» Exercise aim:
The reply must contain exactly the lines below from the one with "前不久,四川省宣布将婚假延长" down to the one with "Ngay cả một", both included, and nothing more; please omit the pictures.

» Input:
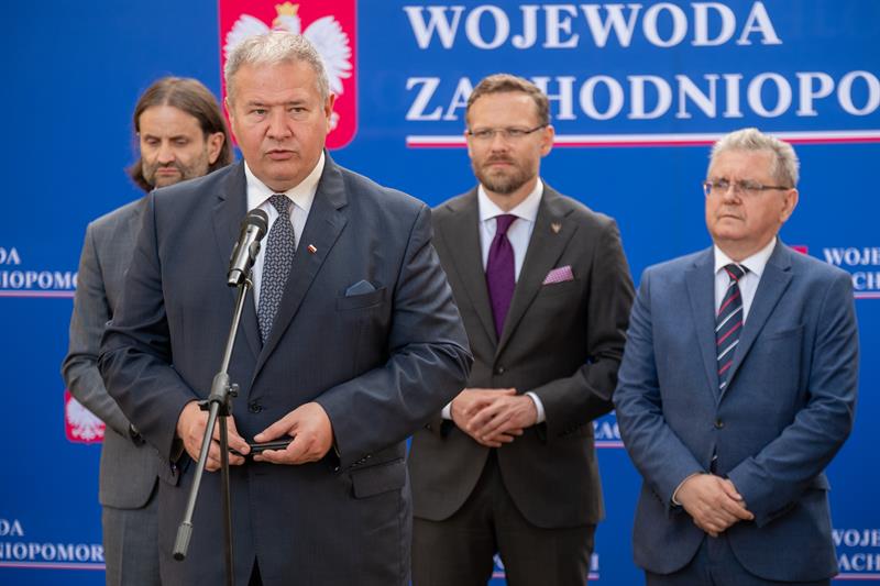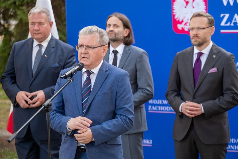 Poseł Leszek Dobrzyński, wiceminister Piotr Bromber, zastępca dyrektora ZCO Zbigniew Dudziński i wojewoda zachodniopomorski Zbigniew Bogucki podczas przekazania symbolicznego czeku. Fot. Dariusz Gorajski
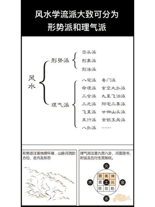 理气派分支极多,影响力最大的包括:八宅明镜、玄空飞星、三合风水以及奇门风水。
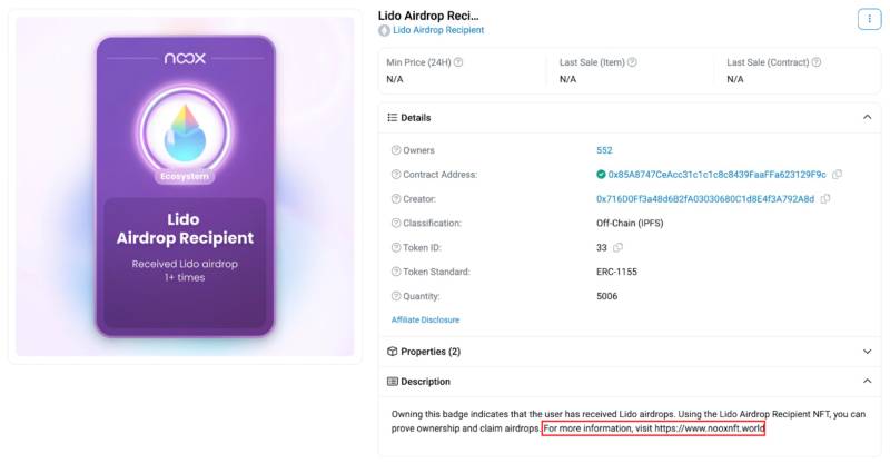 In one documented instance, users received a sham Lido NFT token, presenting itself as a "badge" to claim an airdrop.
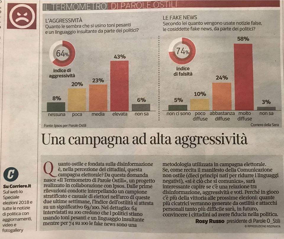 Viene inaugurata oggi la rubrica “Il Termometro di Parole Ostili”, appuntamenti settimanali (al sabato) che “misureranno le temperatura” dell’ostilità percepita dagli elettori in questa campagna elettorale.
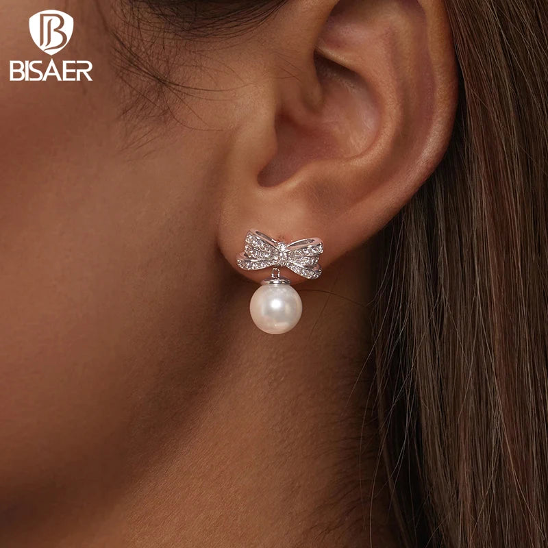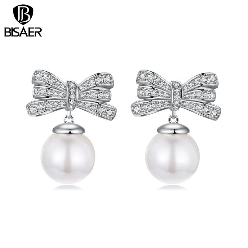 BISAER Boucles d'oreilles à tige en perles avec nœud papillon classique et élégantes, plaquées or blanc, pour femme, fête, fiançailles, bijoux tendance YIE247
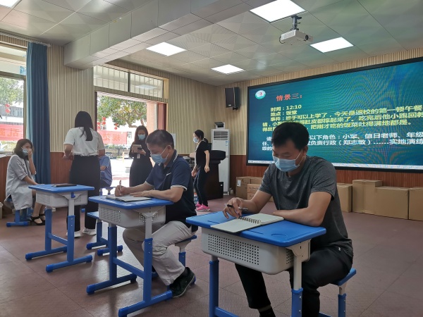 根據(jù)學(xué)校疫情防控演練方案,學(xué)校各部門對演練流程進行詳細(xì)的部署與分工。在演練前組織全員進行培訓(xùn)學(xué)習(xí),讓各教職工明確演練的角色和職責(zé)。本次演練認(rèn)真模擬學(xué)校復(fù)學(xué)后在校情景,分別為進出校門、教室上課、辦公室辦公、樓道嘔吐、上體育課和班級欺凌六個場景。除此之外,還增加了搶答環(huán)節(jié),讓全體教職工在輕松的氛圍中鞏固應(yīng)急預(yù)案的重要細(xì)節(jié)。會后,胡冬梅副校長和區(qū)教辦領(lǐng)導(dǎo)對演練過程進行小結(jié)。既肯定了實戰(zhàn)狀態(tài)下疫情工作小組和各分工小組的協(xié)調(diào)配合能力、快速反應(yīng)能力,同時對各小組演練環(huán)節(jié)中存在的不足進行了提醒,并提出相應(yīng)的改進措施。
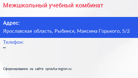 Межшкольный учебный комбинат по адресу Ярославская область, Рыбинск, Максима Горького, 5/2 в дальнейшем Организация, размещена в следующих категориях:
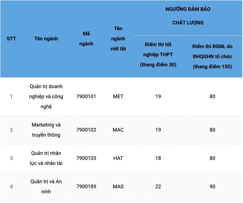 Mức điểm sàn do Khoa Quản trị và Kinh doanh công bố.
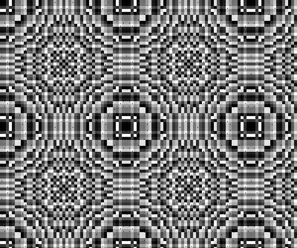 Hier noch zwei Beispiele mit nicht ganzahliger Potenz 1,1 und 1,111 statt x-Quadrad. R = Wurzel (x*x + y*y) Y = (R hoch 1,1111) Modulo M; mit M = 7 und 8 Das zweite fängt weiter in der Mitte des Bildes an, bei etwa x,y=100.
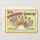 Fabulous Birthday weekend getaway party invitations to a beach, lake, ocean or tropical destination. Features a vintage, hand tinted, somewhat soft focus, girls in a semi-circle in colourful bathing suits with a faux textured look of linen for that vintage postcard look. Perfect for that beachy destination with your girlfriends! Just change the destination to fit your needs. Need help or do you need something custom, just contact me.
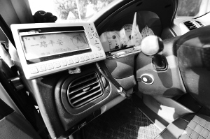 | ↑海口一辆出租车上安装了GPS,画圈处是报警按钮。 本报记者 古月 摄 |
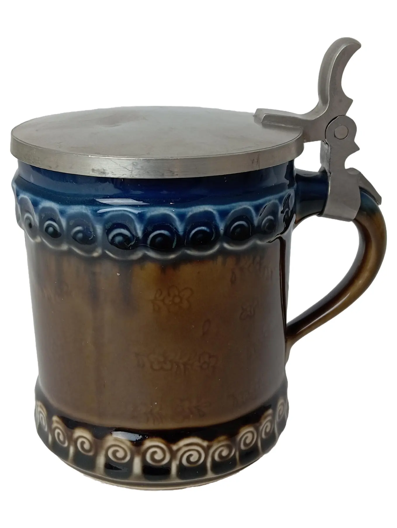ROSENTHAL Krug mit Zinndeckel, 15 cm, Braun/Blau, Antik
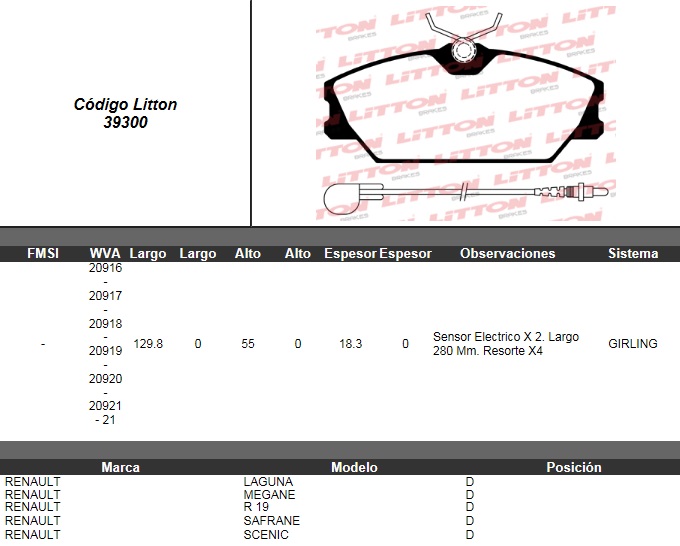 PASTILLA DE FRENO RENAULT LAGUNA 1.8 16V RXE 99>/2.0 RXT- 3.0 V6 24V RXT- RXE TD. 98>/2.0 RT 8V- 1.9 D RT 96>/2.0 16V RXE 95>- MEGANE 1.6- 1.9 D- 2.0- COUPE 97>- SCENIC 1.9 D- 2.0 DEL. C/SENSOR ULT. ( |
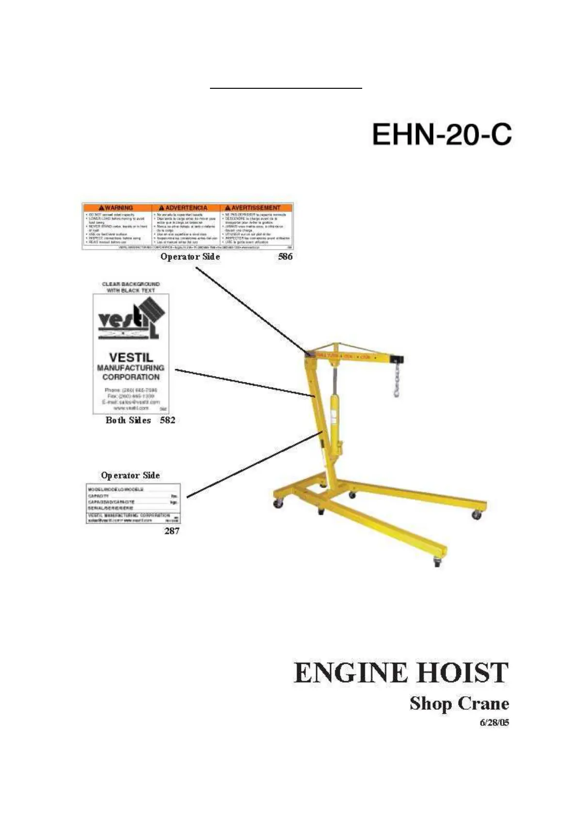 Bekijk gratis de handleiding van Vestil EHN-20-C, stel vragen en lees de antwoorden op veelvoorkomende problemen, of gebruik onze assistent om sneller informatie in de handleiding te vinden of uitleg te krijgen over specifieke functies.
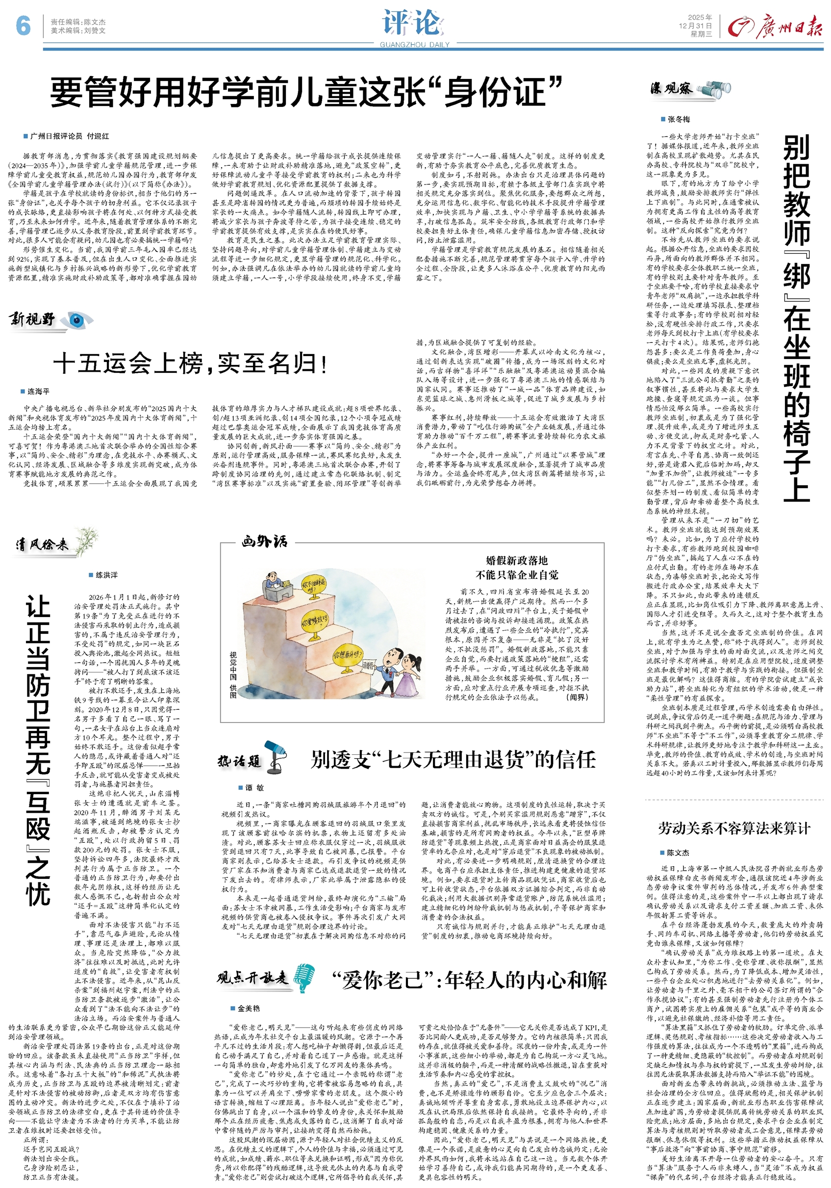 前不久,四川省宣布将婚假延长至20天,新规一出便赢得广泛期待。然而一个多月过去了,在“问政四川”平台上,关于婚假申请被拒的咨询与投诉却接连涌现。政策在热烈发布后,遭遇了一些企业的“冷执行”,究其根本,原因并不复杂——无非是“批了没好处,不批没惩罚”。婚假新政落地,不能只靠企业自觉,而要打通政策落地的“梗阻”,还需两手并举。一方面,可通过税收优惠等激励措施,鼓励企业积极落实婚假、育儿假;另一方面,应对重点行业开展专项巡查,对拒不执行规定的企业依法予以惩戒。 (闻界)
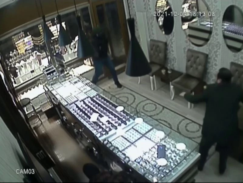Kuyumcunun soyguncu tarafından vurulma anı güvenlik kamerasına yansıdı
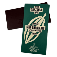 Tansania Kokoa Kamili 75% Zartbitterschokolade, handgefertigt in Brüssel aus sortenreinem Kakao. Eine lebendige Tafel mit hellen Zitrusnoten und raffinierter Komplexität.
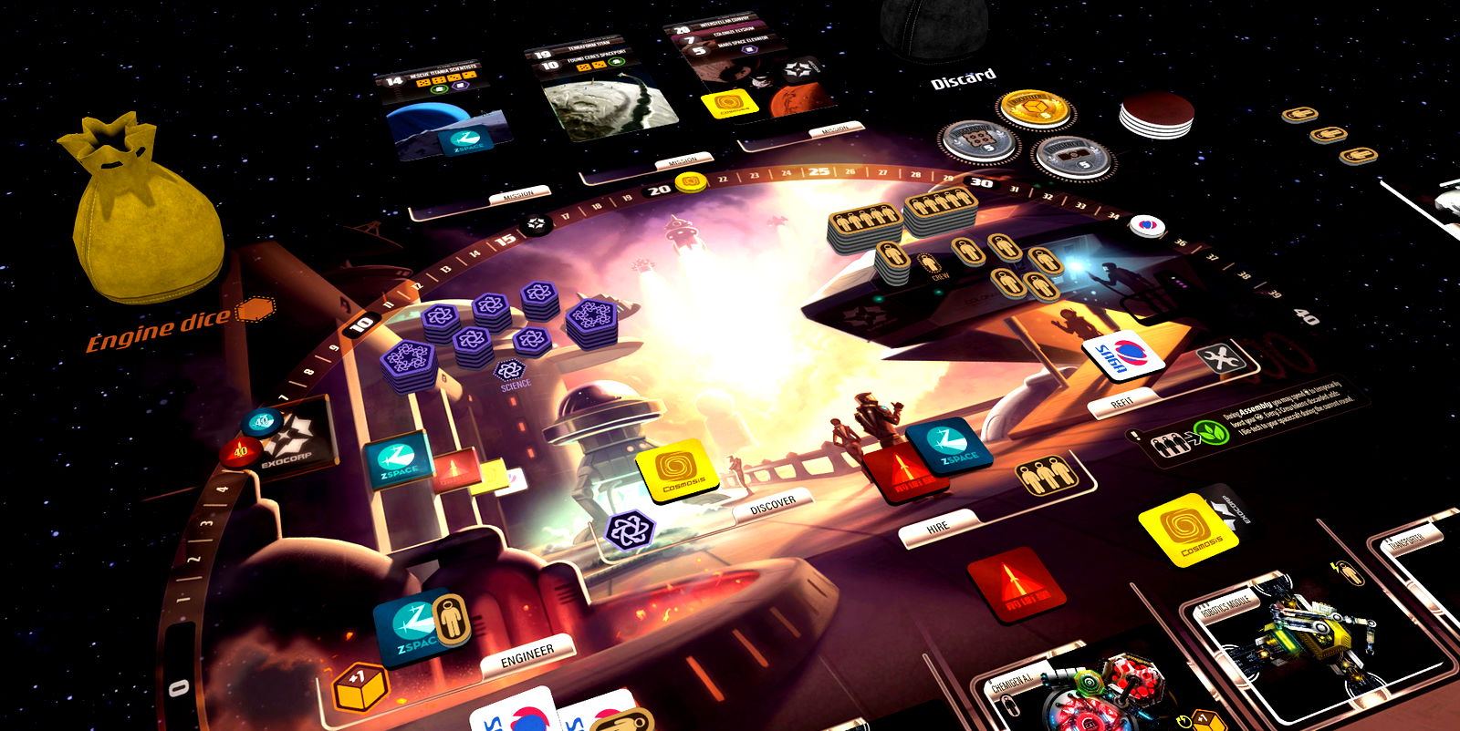 In the near future, talented space entrepreneurs and agencies set out to explore, mine, and colonize outer space. Your organization will compete to design the most efficient and powerful spacecraft, to gather scientific knowledge, construct facilities on distant worlds, and transport colonists to the farthest reaches of our Solar System. Charge up the monster rocket boosters, crew up, and race for space!
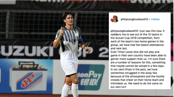 Ngay cả một đội bóng không có sân nhà ở AFF Cup 2018 là Đông Timor cũng có nhiều CĐV đến sân cổ vũ hơn chúng ta. Sự động viên của các bạn vô cùng quan trọng. Xin mọi người đến sân cổ vũ chúng tôi, bảo nhau lấp đầy sân ở trận chiến với Việt Nam sắp tới”, Phil Younghusband viết trên mạng xã hội.
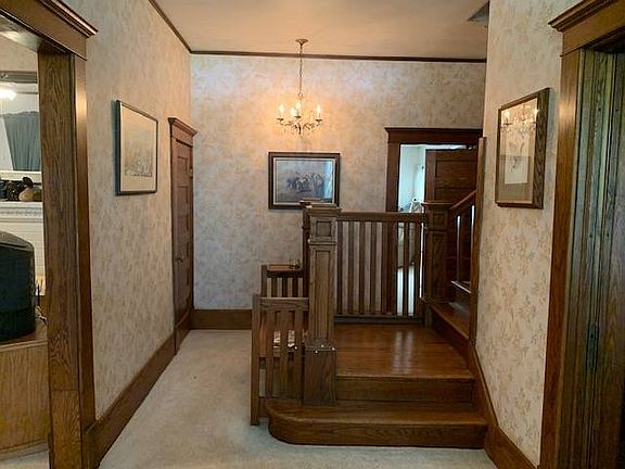 This beautiful two story home features 4 Bedrooms Upstairs along with 1 non-confirming bedroom on the main floor. This home has been well maintained and has all original woodwork throughout! Enjoy the quiet small town living with the large front porch or the deck off the second story bedroom!
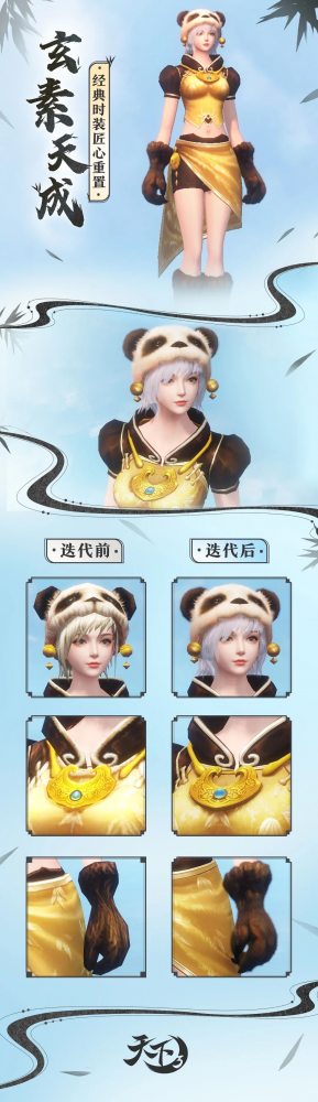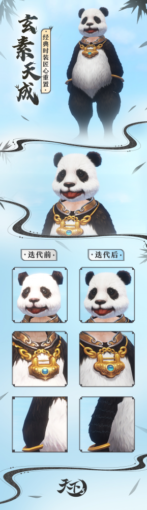 恰逢《天下》IP十五周年,为了回馈少侠们一路以来的支持与热爱,又一经典时装得到匠心重置,它就是与【黛染青花】齐名的【玄素天成】。本次重置使用当下最新的制作工艺,力求最大程度还原其野性与自然之美,快来感受一下它的魅力吧~ 大荒经典“熊猫装”,少侠心中“白月光” 玄素法宝,是大荒的珍宝之一。法宝盒子内的【玄素天成】时装与【熊猫侠客】元魂珠,是当年许多少侠梦寐以求的宝物,穿着玄素时装行走大荒,瞬间就能收获无数艳羡的目光~ 因其独特呆萌的熊猫造型设计,【玄素天成】被大家亲切地称为“熊猫装”。它是一代人心目中代表大荒山海国韵的经典,更是无数人心中执着的“白月光”,甚至出现“一衣难求”的场面。 下面就一起来看看,重置后的【玄素天成】吧! 【玄素天成】男装 男装的【玄素天成】,以大面积的绒毛材质为主。使用全新的毛发系统后,质感得到了显著提升,细软蓬松的绒毛,具有线条根根分明的利落感,让时装显得更加野生、自然。 身上的金饰经过重新打磨后,更加精致立体。纹饰清晰可见,弧线圆润自然,连光泽都更接近真实效果。一个灵动自然的熊猫跃然而出,穿上它便能化身为大荒最萌少侠~ 【玄素天成】女装 女装虽然没有男装的野性,但却更加俏皮可爱。短发变得丝丝飘逸,更为灵动。全新的毛发系统,同样为女装带来了更细腻的效果。毛茸茸的熊猫帽子搭配水汪汪的眼睛,更能展现出熊猫憨态可掬的气质。 帽檐的鎏金铃铛和胸前的长命锁,精致度加倍提升,更为立体真实。衣服上的竹子暗纹清晰可见。熊爪手套和及膝毛靴也更蓬松柔软,一股活泼娇俏之感扑面而来~ 交易与流通 本次不仅对【玄素天成】进行了重置,带来更好的视觉体验,还为现如今想要拥有它的少侠,开放了交易流通的渠道。 已获得【玄素天成】时装的少侠,可以将现有的旧时装合成可交易的新时装盒子【玄素天成】。 合成有一定限制,且只能合成一次。账号活跃等级达到8级及以上的少侠,可以消耗羽灵珠,将时装升级合成为可交易的时装盒子。不同活跃等级的少侠,需要消耗的数量不同,等级越高,消耗的数量越少。 合成后的时装盒子仅可通过跨服寄售系统中的【珍宝阁】进行全服流通。需要注意的是,盒子打开后,获得的道具为禁交易,且无法再次合成为可交易盒子,请谨慎操作哦~ 此外,【玄素天成】时装将于本周更新后支持使用羽灵珠升级为永久时装。 以上就是【玄素天成】时装重置的相关资讯啦,本周更新后,【玄素天成】的重置效果将正式上线,届时少侠们不妨前往大荒,欣赏它焕然一新的模样哦! |

» Exercise answer:
 前不久,四川省宣布将婚假延长至20天,新规一出便赢得广泛期待。然而一个多月过去了,在“问政四川”平台上,关于婚假申请被拒的咨询与投诉却接连涌现。政策在热烈发布后,遭遇了一些企业的“冷执行”,究其根本,原因并不复杂——无非是“批了没好处,不批没惩罚”。婚假新政落地,不能只靠企业自觉,而要打通政策落地的“梗阻”,还需两手并举。一方面,可通过税收优惠等激励措施,鼓励企业积极落实婚假、育儿假;另一方面,应对重点行业开展专项巡查,对拒不执行规定的企业依法予以惩戒。 (闻界)
Kuyumcunun soyguncu tarafından vurulma anı güvenlik kamerasına yansıdı
 Tansania Kokoa Kamili 75% Zartbitterschokolade, handgefertigt in Brüssel aus sortenreinem Kakao. Eine lebendige Tafel mit hellen Zitrusnoten und raffinierter Komplexität.
 In the near future, talented space entrepreneurs and agencies set out to explore, mine, and colonize outer space. Your organization will compete to design the most efficient and powerful spacecraft, to gather scientific knowledge, construct facilities on distant worlds, and transport colonists to the farthest reaches of our Solar System. Charge up the monster rocket boosters, crew up, and race for space!
 Ngay cả một đội bóng không có sân nhà ở AFF Cup 2018 là Đông Timor cũng có nhiều CĐV đến sân cổ vũ hơn chúng ta. Sự động viên của các bạn vô cùng quan trọng. Xin mọi người đến sân cổ vũ chúng tôi, bảo nhau lấp đầy sân ở trận chiến với Việt Nam sắp tới”, Phil Younghusband viết trên mạng xã hội.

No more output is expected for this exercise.